While seeing a therapist and psychiatrist I also had sessions with a therapist focused on Accelerated Resolution Therapy (ART). ART relieved the strain I was feeling. The technique is designed to reprogram  how the brain stores traumatic memories and imagery. It weakened the grip my past has on the present.  After a session focused on the massacre some of the fog was lifting and memories long submerged reappeared. I remembered the kindness of Juan Carlos. 

I hadn’t thought about Juan Carlos seemingly because the pain of the massacre was all encompassing. His support and tenderness when things were so confusing was lost in fog. The massacre itself is  easier for me to talk about because my memory anchors are folks like Juan Carlos. 


I look back at my hikes in the Twin Cities suburbs feeling simultaneously ridiculous that I was so debilitated by the tranquility of nature and excited that I could finally identify what was happening.  I now have more skills and techniques to soothe my fractured mind, body and heart. To regain perspective after feeling panicked. 

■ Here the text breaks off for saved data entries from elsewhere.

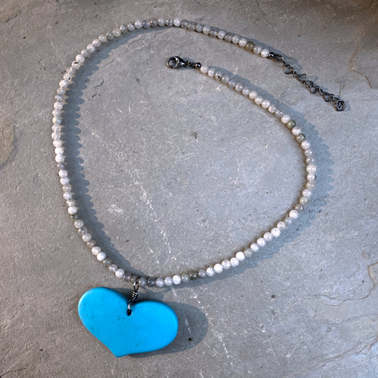 Sterling silver with freshwater pearls, painted onyx pendant, white topaz, hanging heart chain
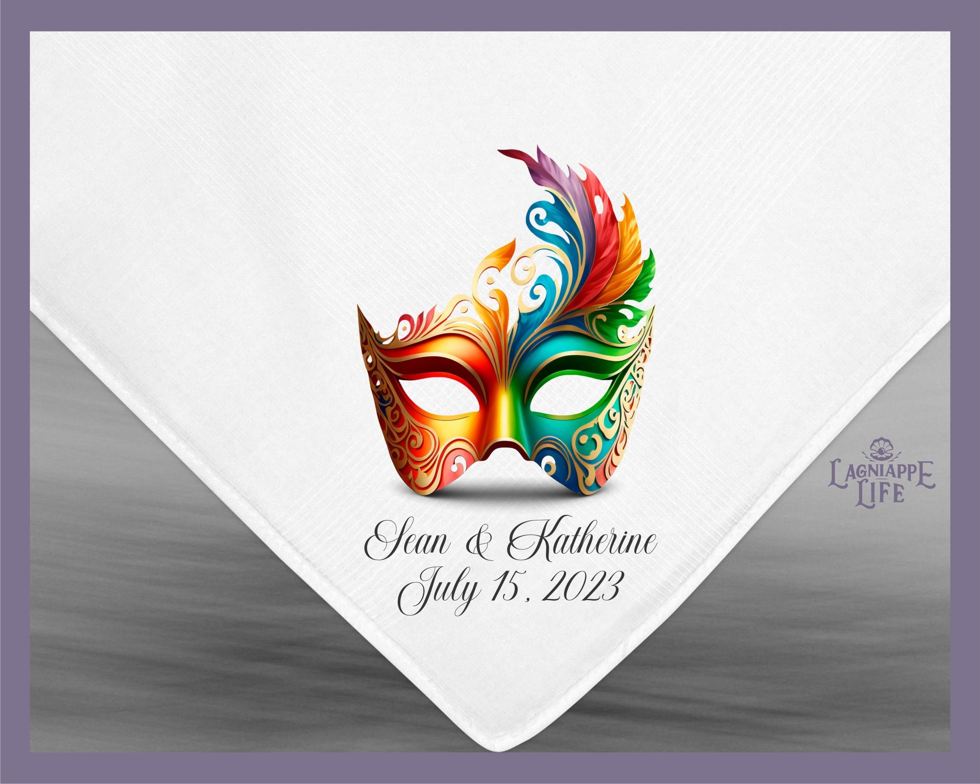 Custom Personalized Handkerchiefs - Weddings Parties Anniversaries More - Elegant Mask Design with Personalization
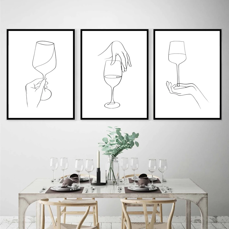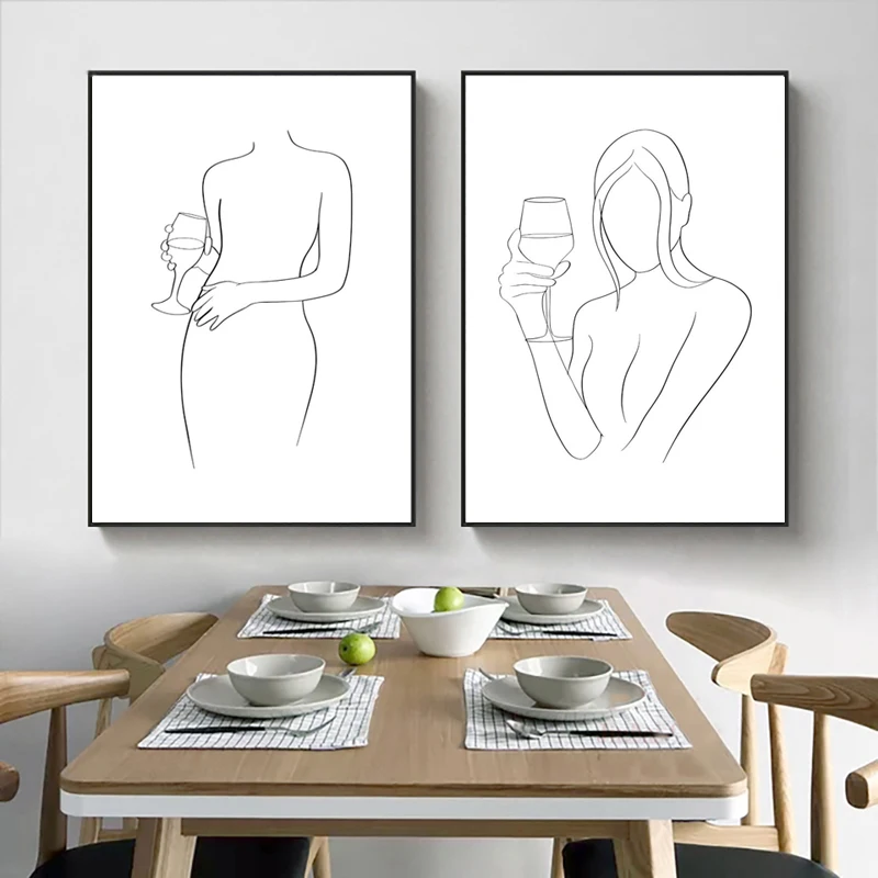 Винная линия Рисование художественный принт черно-белый абстрактный сексуальный женский винный любовник постер холст живопись вино подарок кухня Декор на стену

I can see now that sometimes I can get so elevated throughout the day that I am practically numb. My heart feels like the beats of a hummingbird’s wings, calmly fluttering. I take in so much that it’s like my body is quieting itself as much as possible because my heart feels like it will explode from the pressure. What people might perceive as being steady or good in difficult situations is numbness. 

And it’s always going to be hard. The recent deep freeze completely spun me around. I felt like I was losing perspective and feeling disoriented. When the wind chill gets to a comically low -50, it’s deadly out there.  As the worst subsided and the temperature kept diving, I was feeling like I had as a child trying to get home, unsafe.

I’ve had to settle into the reality that my goal isn’t to be relieved of my PTSD, but rather relief from feeling debilitated. 

Sometimes, it would take hours, even days, to recover from a deep emotional cut. It was a persistent feeling of never being at my best. My talent seemed fleeting and inconsistent. 

Now, things are different. In my mind and body things are quieter. The best of me comes to the surface more often because I am not spending my entire day immersed in the unease of my past. I can look hopefully to the future instead of always looking over my shoulder.

Filiberto Nolasco Gomez is a former union organizer and former editor of Minneapolis based Workday Minnesota, the first online labor news publication in the state. Filiberto focused on longform and investigative journalism. He has covered topics including prison labor, labor trafficking, and union fights in the Twin Cities.